Острая коса легко прошла полукруг. Длинные пальцы крюка подхватили срезанную рожь, уложили ее на землю. Передвинув ноги, я занес косу и снова пустил ее полукругом. И опять она, будто играя, с нежным свистом скользнула над землей. Крюк казался игрушечным. Но я знал: так бывает сперва. А долгий день только начинался. И богатая рожь стлалась далеко вперед. Уже к обеду крюк станет таким, что с ним и вхолостую трудно будет сладить. Потому-то надо было беречь силы.
Отчим шел следом. Он косил споро. Тягаться с ним, опытным косарем, было небезопасно. Семь потов выжмет! Но отчим на этот раз не торопился. Тоже берег силы? Или жалел пасынка?
На мой ряд стала Нюрка. Граблями она быстро сгребала рожь, выхватывала из нее два пучка, скручивала перевясло и ловко вязала сноп. И двигалась дальше, подгребая за собой оставшиеся на стерне колоски. Она была работящей, сестра. За всякое дело бралась с живостью. И все делала добротно. А работая, напевала. Так вот и теперь. Едва став на ряд скошенной ржи, она затянула песню. И на душе стало как-то радостней, словно солнце засветило ярче.
Мать вязала за отчимом. Она также проворно сгребала скошенную рожь, скручивала перевясло, одним движением связывала сноп. Она тоже была трудолюбивой и не жалела себя ради нас, детей. Только ради нас она вышла за человека, годившегося ей в отцы, в жертву нам принесла молодость. Мы же горячо любили ее и старались не перечить даже тогда, когда, поддавшись горю, она была неправой.
За матерью и Нюркой двигался Денис. Он подбирал снопы и таскал в одно место. В конце дня мы сложим их в крестцы. Так они будут ждать перевозки на ток. Денис был неплохим парнем. Только бедокурил часто. Да работать ленился. Но ему все сходило. Маменькин любимчик. Она баловала его и потворствовала во всем. А когда Нюрка выговаривала ей за это, неизменно отвечала:
– Да он же самый меньшой. Как же можно не жалеть его?..

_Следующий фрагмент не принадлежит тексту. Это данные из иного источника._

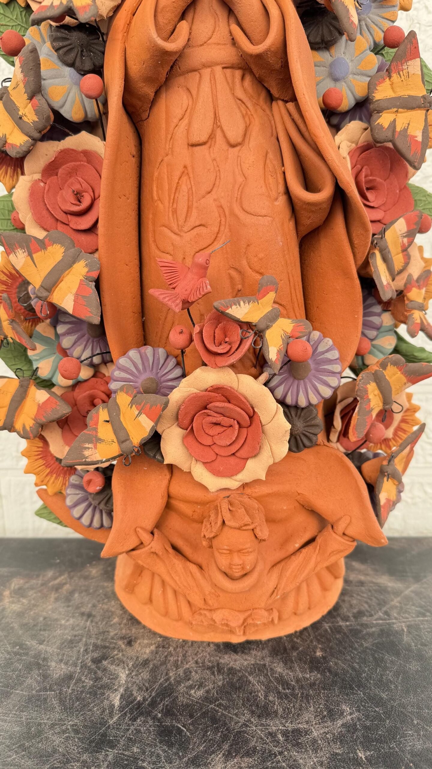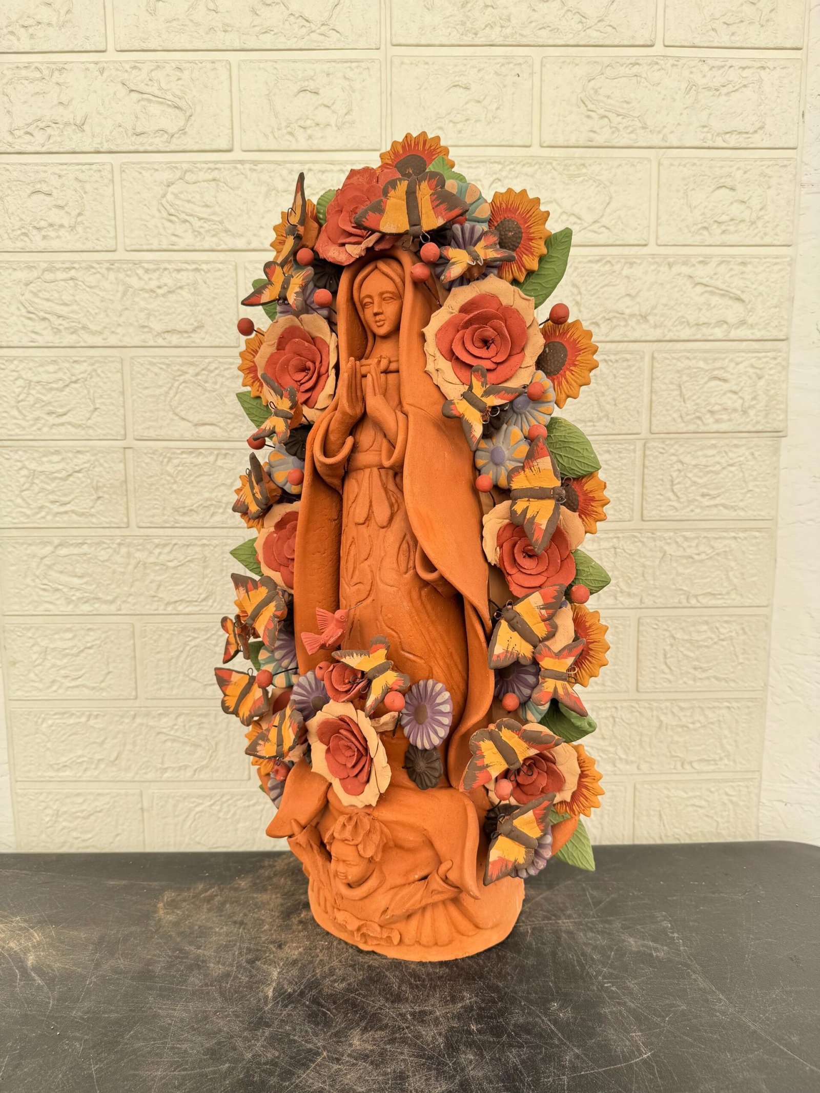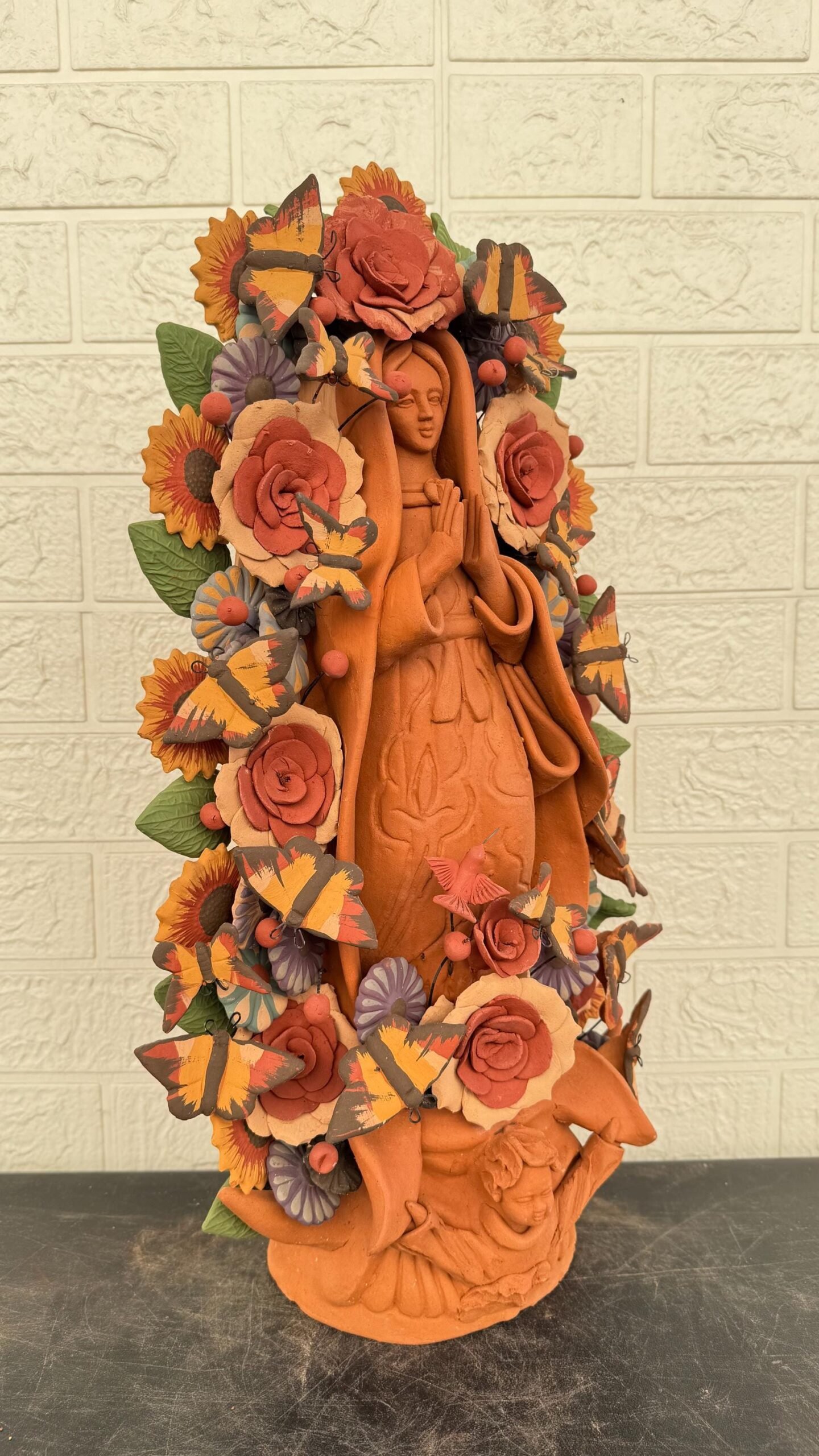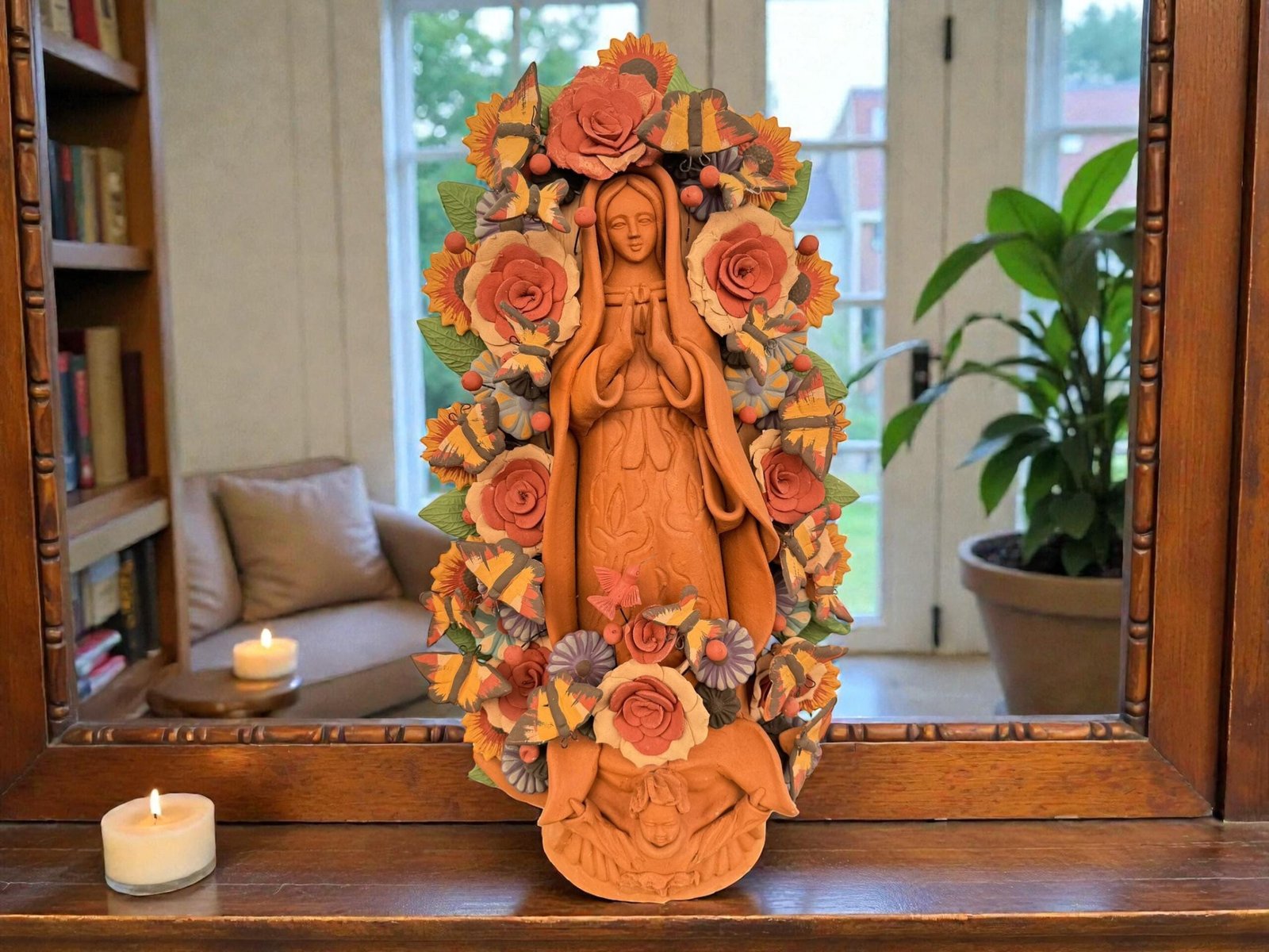 XL Virgin Mary Handmade Clay Piece, Virgen de Guadalupe Mexican Decoration, Mary Virgin Sculpture,Metepec Estado de México Virgencita 23.7”

А вот и межа. Она делит десятину пополам. За межой наша земля принадлежит Лапонину. На ней такая же густая и высокая рожь. Оттого-то вся десятина кажется дельной.
Несколько секунд я стоял перед межой, вытирая пот со лба. В ушах звучали слова матери: «Вот ежели б она вся была наша…» А почему же она не вся наша? Почему мы миримся с обманом? Почему не защищаемся от грабежа?
Не раздумывая больше, я пустил косу за межу. И тотчас услышал позади тревожный голос отчима:
– Эй, остановись! Чужая!..
Но я не послушался. Это была не чужая, а наша рожь. На нашей земле выращенная, нашим трудом выхоженная.
«Наша! – повторял я про себя, чувствуя волнение. – Только наша. И ничья больше. И мы не отдадим ее. Ни за что не отдадим!»
А как поступит отчим, когда дойдет до межи? Последует за мной или повернет обратно? А если повернет, что тогда? Сдаться? Ну, нет. Не затем я переступил эту черту, чтобы отступать. Тогда пусть он косит нашу половину, а я лапонинскую, которая тоже была нашей. И Нюрка не перестанет вязать за мной. Вон как запросто она перешла на эту сторону, даже не остановилась. Будто мы с ней заранее условились.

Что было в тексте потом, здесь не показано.